Ne yaparsak yapalım, şu tarihi köprülerimizin değerini bir türlü anlayamıyoruz. Şehrin tarihi ve kültür dokusunun yanında turizme yaptığı katkıların farkında değiliz. Eğer farkında olsaydık aylardan beri taşkın esnasında köprü ayaklarına tıkanıp kalan ağaç kütüklerini oradan kaldırır, her kesi rahatsız eden o çirkin manzaraya bir son verirdik.
Aynı sorun geçen yıl da yaşanmıştı. Yine taşkın olmuş, suların getirdiği ağaç dalları ve kütükleri köprü ayaklarına takılıp kalmıştı. O çirkin görüntü aylarca sürdü, üzerine haberler yapıldı yazılar yazıldı. Turizm sezonu sona erdikten sonra ancak o pislik oradan kaldırılabildi.
Şimdi yine öyle. Mart ayının sonlarına doğru Edirne yine bir taşkın yaşadı. Suların getirdiği kalıntılar yine fotoğrafta görüldüğü gibi köprülerin ayağına birikti. Sular indikten sonra da orada kaldı. Aradan iki aydan fazla bir zaman geçmesine rağmen güzelim köprünün manzarasını berbat eden o çirkin kalıntıları oradan kaldırmayı hiç kimse akıl edemedi.
Edirne'yi gezmeye gelen herkes mutlaka Meriç Köprüsü'ne de gidiyor ve nehrin gerdanlığı olan bu güzel köprünün fotoğraflarını çekmek istiyor. Bu manzarayı her gören, her fotoğraf çeken bu çirkin görüntü karşısında şaşırıp kalıyor. Bir kepçenin bir iki saatlik çalışmayla temizleyeceği bu kalıntılar ne yazık ki bunca zamandır köprünün manzarasını kirletmeye devam ediyor.

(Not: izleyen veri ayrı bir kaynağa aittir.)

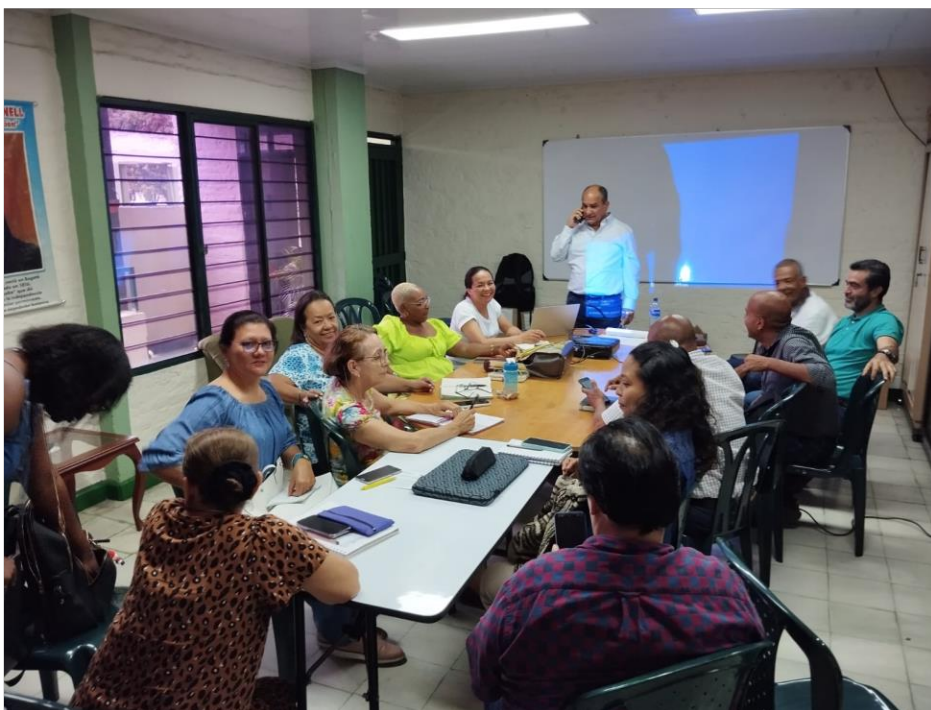
Fig. 5: Espacios para promover la mediación escolar

Bazen çok şaşırıyorum ve bu şehrin sahibinin olup olmadığını merak ediyorum. Bir kez daha sorayım. Sahiden bu şehir bu kadar sahipsiz mi? Bu şehri yönetenlerin bu çirkin manzaradan haberleri yok mu? Nehirlerden sorumlu DSİ Bölge Müdürü bu manzarayı görmüyor mu? Ya da Edirne Valisi bu pisliğin bir an evvel kaldırılması yönünde bir talimat vermiyor mu?

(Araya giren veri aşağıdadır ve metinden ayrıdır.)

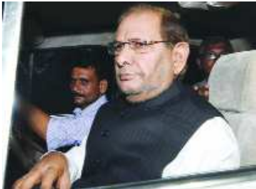
దీంతో రాజీనామా చేసిన 24 గంటల్లోనే బీజేపీ మద్దతుతో మళ్ళీ అధికారాన్ని దక్కించుకున్నారని నితీష్ కుమార్. శాసనసభలో బలాన్ని నిరూపించుకుని మరోసారి సీఎం అయ్యారు.

న్యూఢిల్లీ: భారతీయ జనతా పార్టీతో జేడీయూ పాత్రపెట్టుకుని బీహార్ లో ప్రభుత్వాన్ని ఏర్పాటు చేయడంపై ఇంతవరకు మౌనంగా ఉన్న ఆ పార్టీ సహ వ్యవస్థాపకులు శరద్ యాదవ్ ఎట్టకేలకు స్పందించారు. మహాకూటమి నుంచి వె%దాలిగి బీజేపీతో పాత్రపెట్టుకున్న జేడీయూ అధినేత, బీహార్ ముఖ్యమంత్రి నితీష్ కుమార్ నిర్ణయాల్పై గత కొన్ని రోజులుగా శరద్ యాదవ్ మౌనంగా ఉన్న విషయం తెలిసింది. సోమవారం రాజ్యసభ సమావేశాలకు హాజరయ్యేందుకు వచ్చిన శరద్ యాదవ్ బీహార్ రాజకీయాలపై మీడియాతో మాట్లాడారు. బీహార్ లో ఇటీవల జరిగిన పరిణామాలు దురదృష్టకరం. వాటిని నేను అంగీకరించబోను. రాష్ట్ర ప్రజలకు కావాల్సింది ఇది కాదు' అని అన్నారు. కాగా, రెండేళ్ల మహాకూటమికి గుడ్ బై చెప్పి.. నితీష్ గతవారం బీజేపీతో పాత్రపెట్టుకున్న విషయం తెలిసింది.
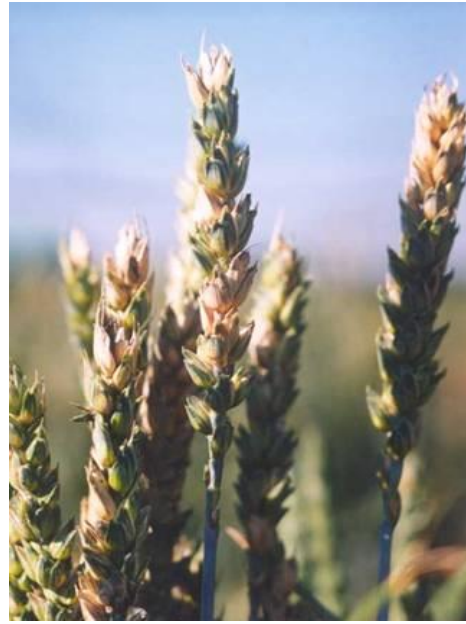
Photo 2 : Fusariose de l'épi du blé; épillets décolorés
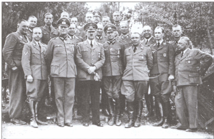
Гитлер со своим штабом. Слева от него Вильгельм Кейтель, справа генерал артиллерии Альфред Йодль и начальник Партийной канцелярии НСДАП Мартин Борман. «Фольфшанце», Восточная Пруссия. 1940—1942 гг.

Edirneye gelen turist sayısının milyonları aşmasından gurur duyuyoruz. O gelen milyonlara göstereceğimiz köprü manzarası bu mudur? Çalışmalarını takdirle izlediğim Kültür ve Turizm Müdürlüğümüz bu konuda bir girişimde bulunmuyor mu?
Ben bu şehri seven, tarihi ve kültürel değerlere gözümüz gibi bakılması gerektiğine inanan biri olarak köprü başına her gittiğimde çok rahatsız oluyorum.
Ya siz bu şehri yönetenler ya da seviyorum diyenler siz hiç rahatsız olmuyor musunuz?